Again, doing so on an ICD (or the equivalent)
under each OS is a bad idea, because the API
to the ICD is probably NOT exactly the OpenGL
API. That’s what the OpenGL library on each
platform is for.

Sooo, if I was to compile under the regular MS OpenGL32.dll, w/ no hw support, but then bring just the exe to a 'puter w/ hw support, would the program link w/ the hardware?

If your program implicitly or explicitly links with OpenGL32.dll, then yes, it would use hardware acceleration if available. That’s the good thing about the ICD mechanism. On the otherhand if the computer used an MCD, then no, your program would not use hardware acceleration unless your program explicitly loaded the MCD. That’s the bad thing about MCD’s.

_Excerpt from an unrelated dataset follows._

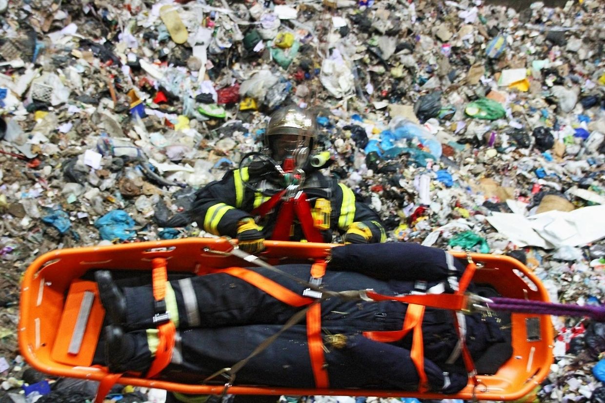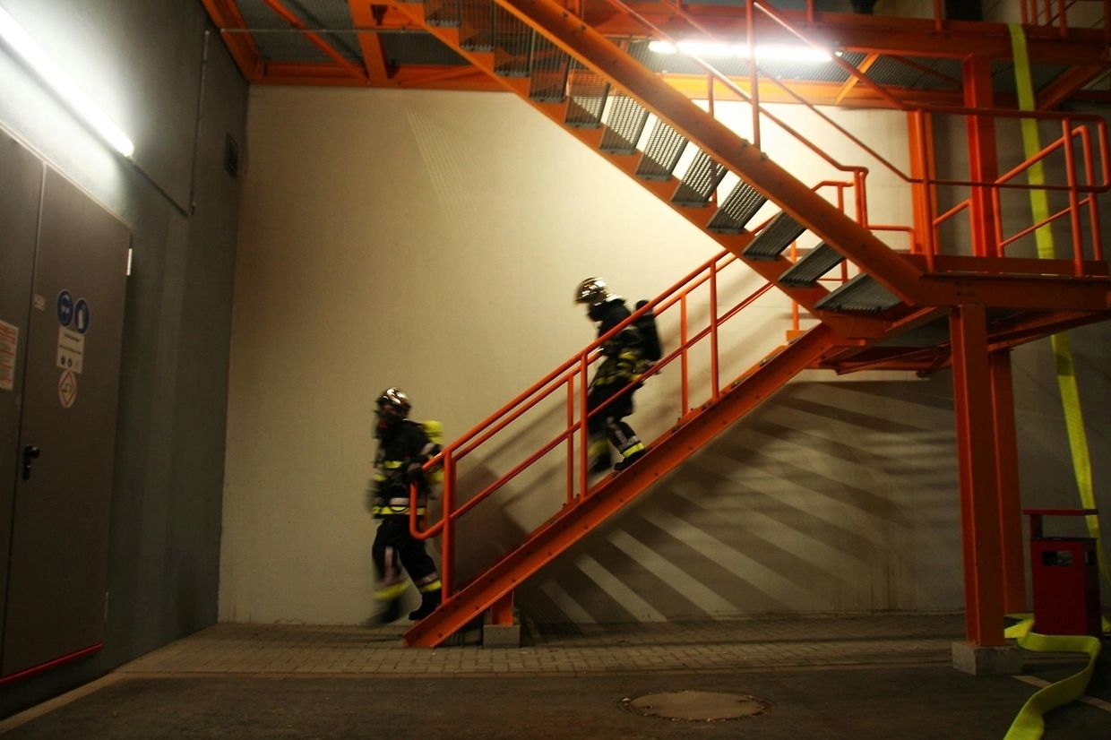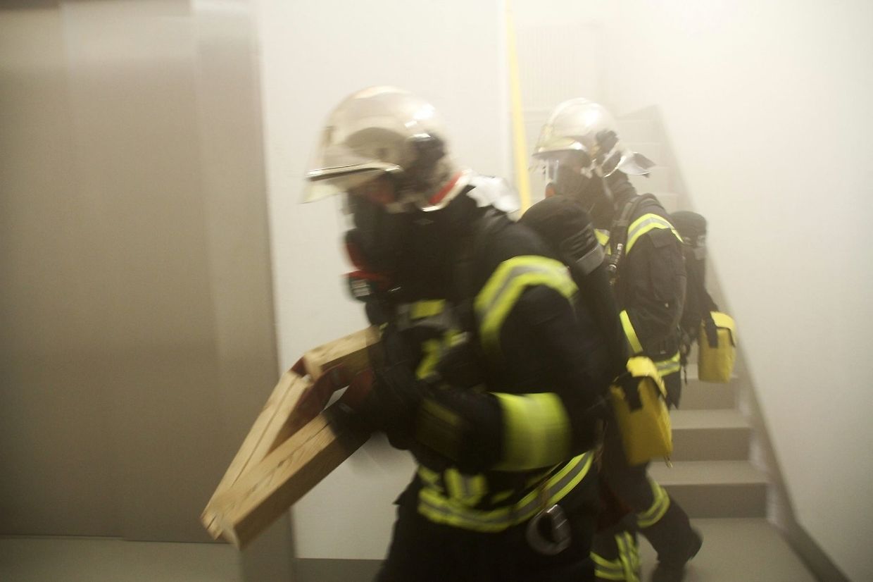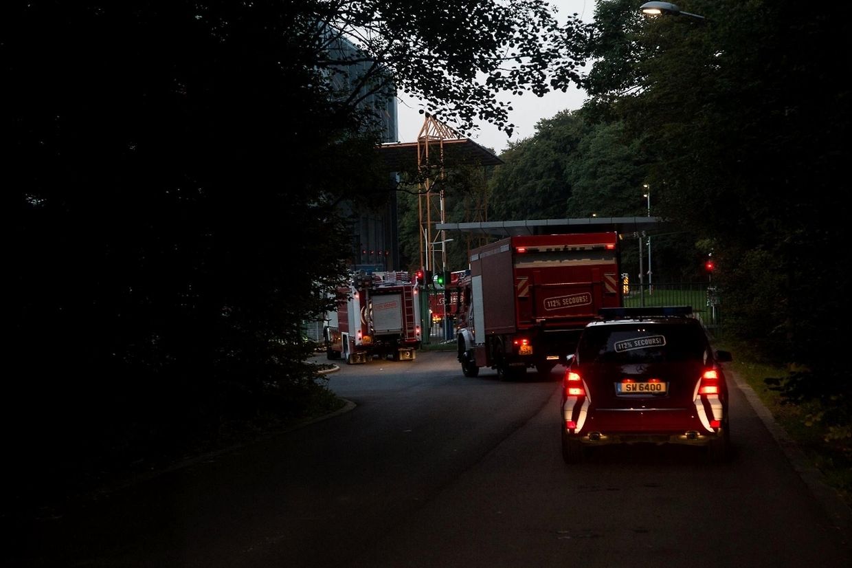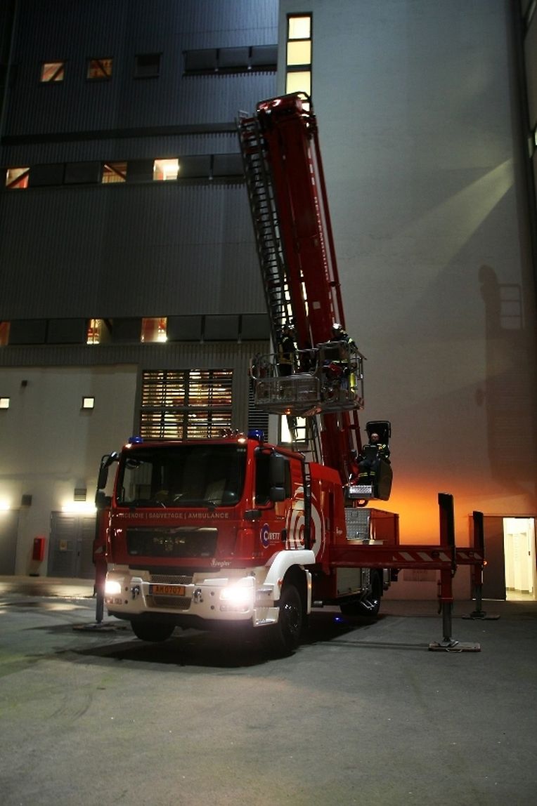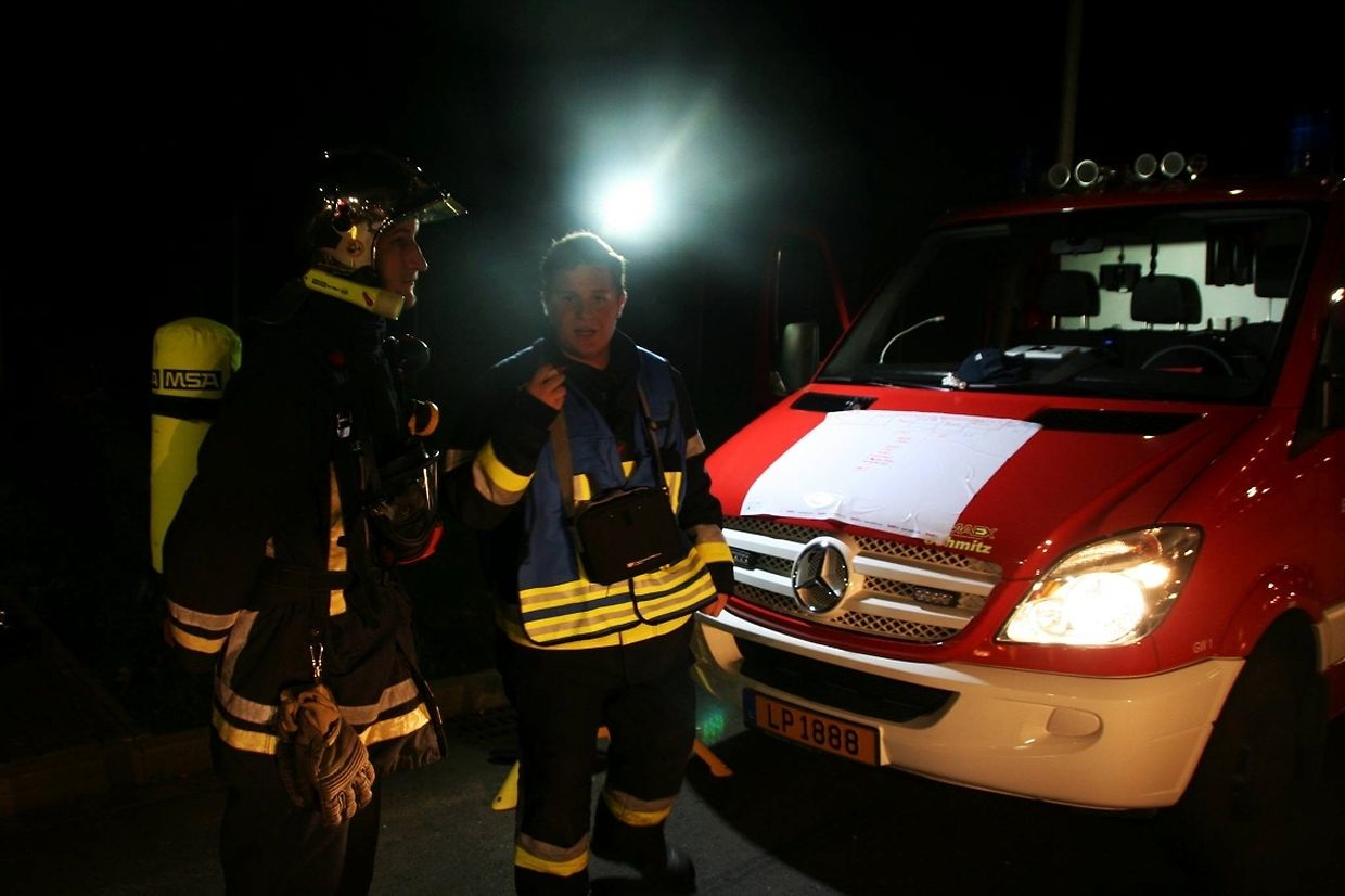 Gegen 19:40 Uhr wurden die Feuerwehren aus Leudelingen und Bettemburg gleichzeitig mit der Meldung „AG Feier – SIDOR Leudelange – Brand im Müllbunker“ alarmiert. Die Feuerwehr Leudelingen, welche als Erster vor Ort war, übernahm die erste Erkundung mit Hilfe der am Eingang bereitgestellten Notfallplänen des Betriebs. Schnell war klar dass es sich hierbei um keinen gewöhnlichen Einsatz handeln würde: Das Treppenhaus war auf Grund des Brandes bis auf eine Höhe von 23m vollständig verraucht, 3 Personen wurden vermisst, weitere Arbeiter waren im Kontrollzentrum vom Rauch eingeschlossen worden. Unter schwerem Atemschutz drangen die Einsatzkräfte in den verrauchten Bereich vor, um nach möglichen Opfern zu suchen. Diese konnten sehr schnell im Treppenhaus, sowie im oberen Bereich des Müllbunkers lokalisiert werden. Ein weiteres Opfer war in den Bunker gestürzt und befand sich in etwa 10m Tiefe. Der Atemschutztrupp lokalisierte die Arbeiter des Kontrollzentrums. Da diese aber zum aktuellen Zeitpunkt nicht in unmittelbarer Gefahr waren, hatten die verletzten Arbeiter Vorrang. Während die Rettung der beiden erstgenannten Opfer schnell durch Atemschutztrupps über das Treppenhaus erfolgen konnte, gestaltete sich die Rettung des abgestürzten Arbeiter komplizierter. Mit Hilfe des Teleskopmastfahrzeuges der Feuerwehr Bettemburg wurde ein mit schwerem Atemschutz ausgerüsteter Feuerwehrmann zu dem Verunfallten abgeseilt. Das Opfer wurde in einer Korbschleiftrage fixiert und mittels mehreren Sicherheitsleinen von den Einsatzkräften aus dem Bereich gerettet. Dabei galt es sowohl das Opfer wie auch alle beteiligten Einsatzkräfte während der gesamten Arbeitsdauer im Gefahrenbereich zu sichern.
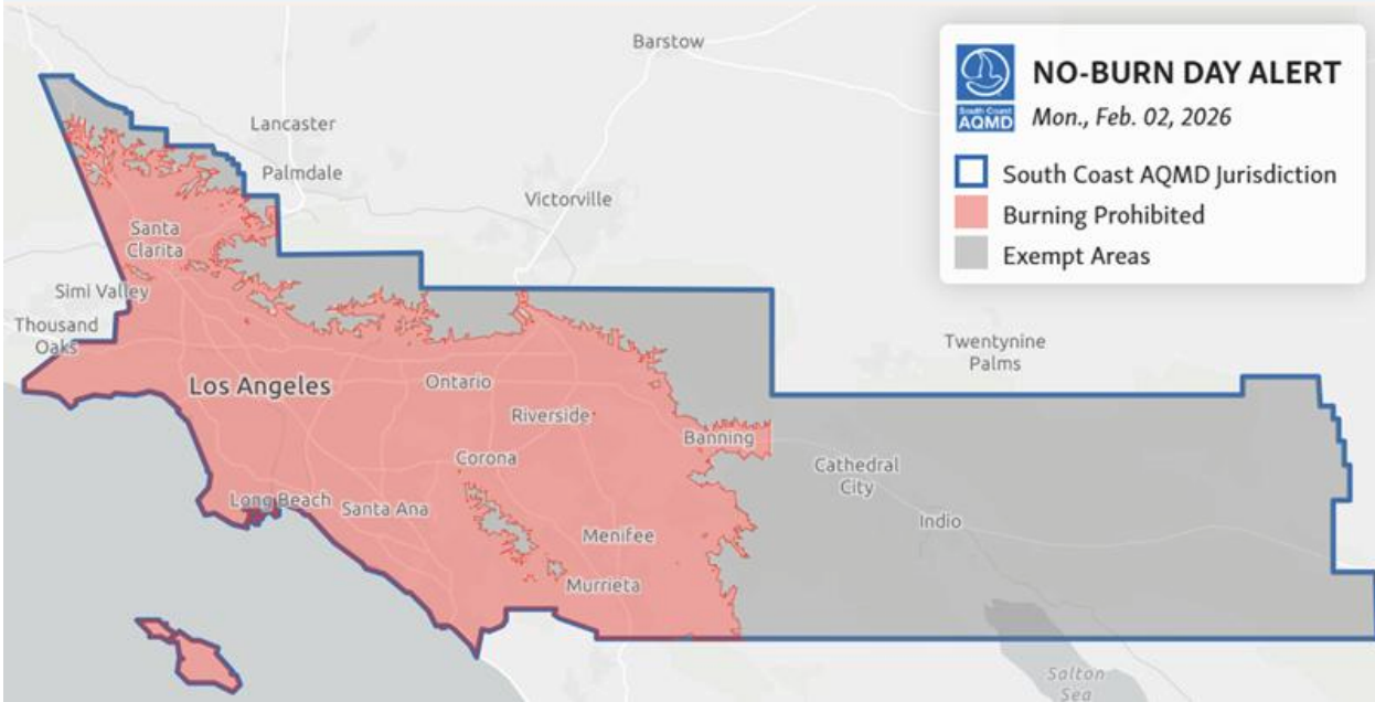 TEMECULA VALLEY, CA — The South Coast Air Quality Management District issued a No-Burn Alert for Monday, prohibiting wood burning in fireplaces and in all indoor or outdoor devices across Riverside County and three other counties.

I don’t believe that’s true of MCDs. Minidrivers and MCDs (mini-client drivers) are very different.

Minidrivers (aka MiniGL drivers, aka QuakeGL drivers) implement only subsets of OpenGL, in particular, the subset used by Quake 1 or Quake 2. Fortunately, minidrivers are basically dead.

MCDs are an alternative OpenGL driver model available under Windows NT. MCDs were promising at first because it was less work to implement a MCD than an ICD, but no one uses them any more for two reasons. First, MCDs don’t work on Win9x, and second, they have performance costs associated with them as opposed to allowing us driver folks to just implement the API directly.